BRIN beroperasi di bawah Presiden dan bertanggung jawab untuk melakukan penelitian, pengembangan dan inovasi di berbagai bidang, termasuk energi nuklir dan antariksa.
Para ilmuan BRIN yang terdiri dari Prof. Dr. Chaidir, Dr. Sabara, Setio Budi Oetomo, S.Pd, Joko Tri Haryanto, S.Ag M.S.I dan Mustholehudin, S.Ag, M.S.I dilepas keberangkatannya oleh DAD Barito Utara dari Maynd Caffe jalan Yetro Singseng Muara Teweh, Sore (28/5/2025).
Sementara Prof. Tiwi Etika dan Dr.

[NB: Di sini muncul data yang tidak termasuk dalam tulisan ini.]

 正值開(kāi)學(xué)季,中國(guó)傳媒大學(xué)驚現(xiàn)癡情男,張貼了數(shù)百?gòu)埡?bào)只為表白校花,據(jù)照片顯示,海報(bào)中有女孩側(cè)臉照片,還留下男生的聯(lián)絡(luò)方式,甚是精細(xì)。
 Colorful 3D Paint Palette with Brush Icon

Kuri dari Institut Agama Hindu yang membidangi filsafat telah lebih dulu berangkat sebelumnya.
BACA JUGA : Dewan Adat Dayak Barito Utara Persiapkan Panitia Jelang Raker Bulan Juni Mendatang, Rakor Mulai Hari Ini
Ekspedisi ilmuan dari berbagai disiplin ilmu pengetahuan tersebut, sebelumnya dalam rangka Riset Kolaboratif Khasanah Pengobatan Tradisional Berbasis Kepercayaan Lokal pada Suku Dayak yang rencananya dilakukan selama tiga tahun dengan meneliti beberapa suku Dayak, dimulai dari Dayak di Barito Utara.

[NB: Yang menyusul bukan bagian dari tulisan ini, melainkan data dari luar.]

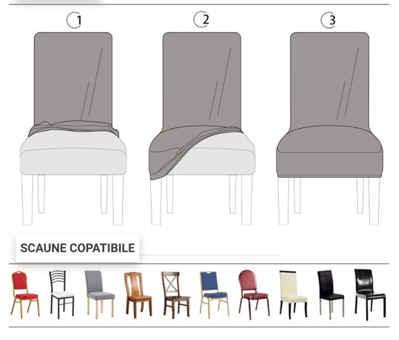 Set 6 huse elastice pentru scaune cu spătar, lavabile, ușor de întreținut. Se potrivesc perfect și protejează scaunele. Disponibile în mai multe culori.

Prof. Dr. Chaidir saat berdialog dengan Kalimantan Live menyampaikan, objek penelitian ekspedisi mereka adalah pada sistim medis tradisional suatu etnis atau budaya yang disebutnya Etnomedicine.
“Penelitian medis tradisional di suku Dayak Ngaju dan Taboyan,” jelas Prof. Chaidir.

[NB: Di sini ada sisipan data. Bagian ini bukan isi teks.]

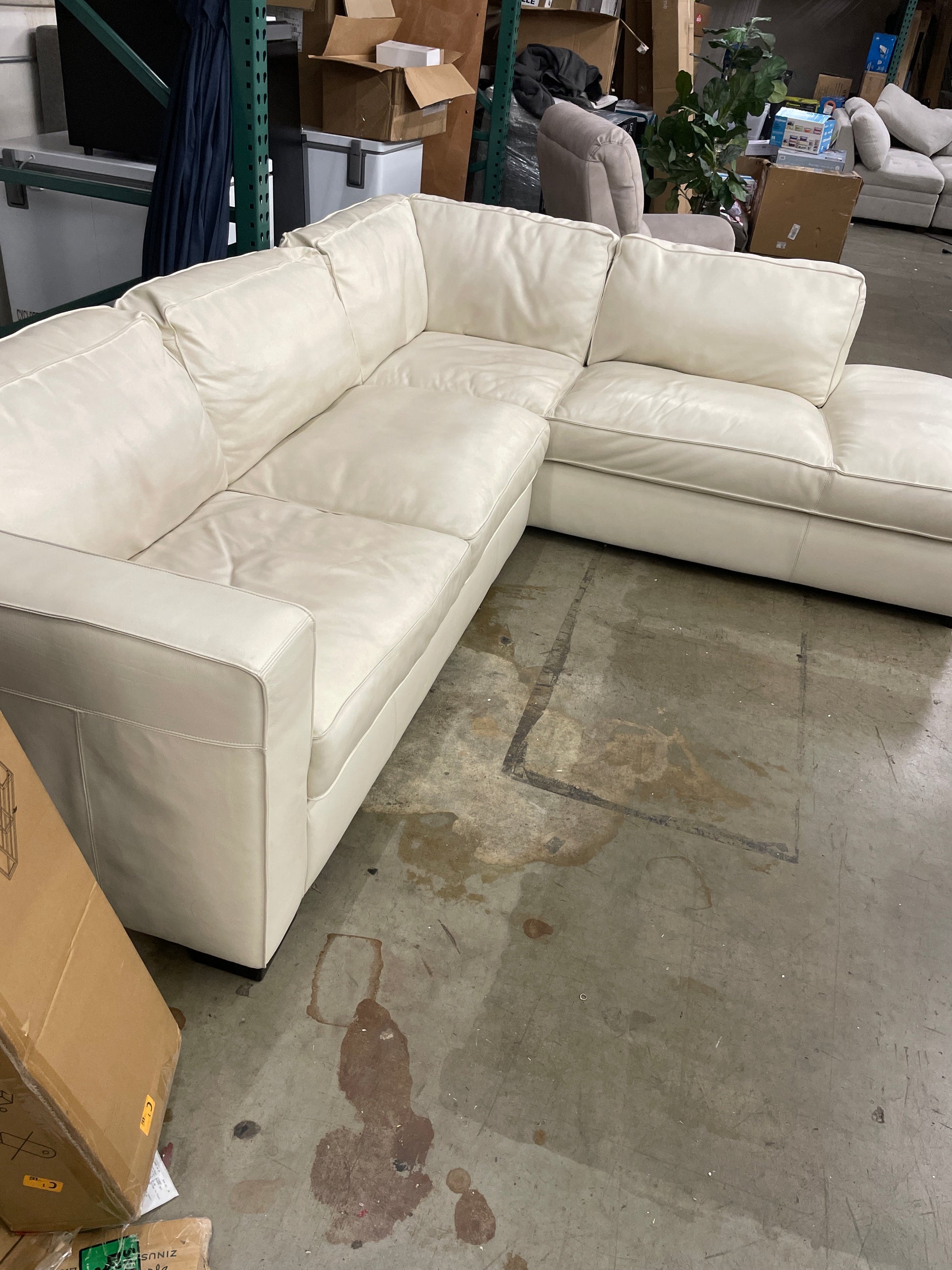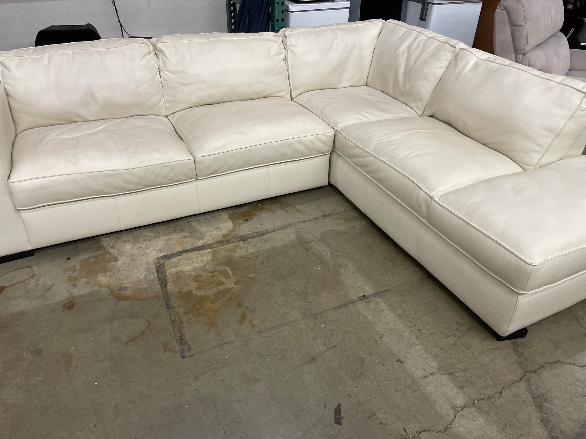 - Natuzzigroup Leather Sectional Color: CreamMaterial: Top Grain Leather on All Seating Areas, Armrests and Front Rails with Matching Split Leather on Sides and BackSolid Wood LegsElastic Webbed Seating

Salah satu Desa yang didatangi tim peneliti BRIN ini adalah Desa Panaen. Disana mereka mengkaji pengobatan yang dilakukan dengan cara upacara, baik pada sisi ritual magisnya dan tumbuhan obat yang digunakan oleh Balian (Rohaniawan).
“Saya mengumpulkan tanaman obatnya yang dipakai oleh para Balian,” jelas Professor dari salah satu universitas di Jerman ini.
Prof. Chaidir juga telah mengidentifikasi beberapa tumbuhan lokal yang dipakai dalam pengobatan dan manfaatnya. Data spesimen tumbuhan tersebut diawetkan untuk dijadikan sample atau herbarium yang nantinya diidentifikasi nama ilmiahnya.
“Beberapa tanaman ada yang khas Kalimantan,” jelas Prof. Chaidir.
Ilmuwan berikutnya yang diwawancarai Kalimantan Live adalah Dr. Sabara. Ilmuwan dengan rambut gondrong ini lebih memfokuskan riset penelitiannya pada agama dan kepercayaan lokal masyarakat adat Dayak dalam medis tradisionalnya.
“Dalam kepercayaan masyarakat Nusantara pada umumnya, sebuah penyakit yang diderita bukan semata karena faktor bersifat material saja. Ada pengaruh ruhaniah atau spiritual dibalik timbulnya sebuah penyakit,” terang Sabara.
Penyembuhannya pun, menurut Sabara, bukan saja dengan obat tradisional namun harus balance dengan upaya spritual yang diterapkan dengan upacara-upacara seperti ritual Balian yang berisikan doa dan mantra-mantra.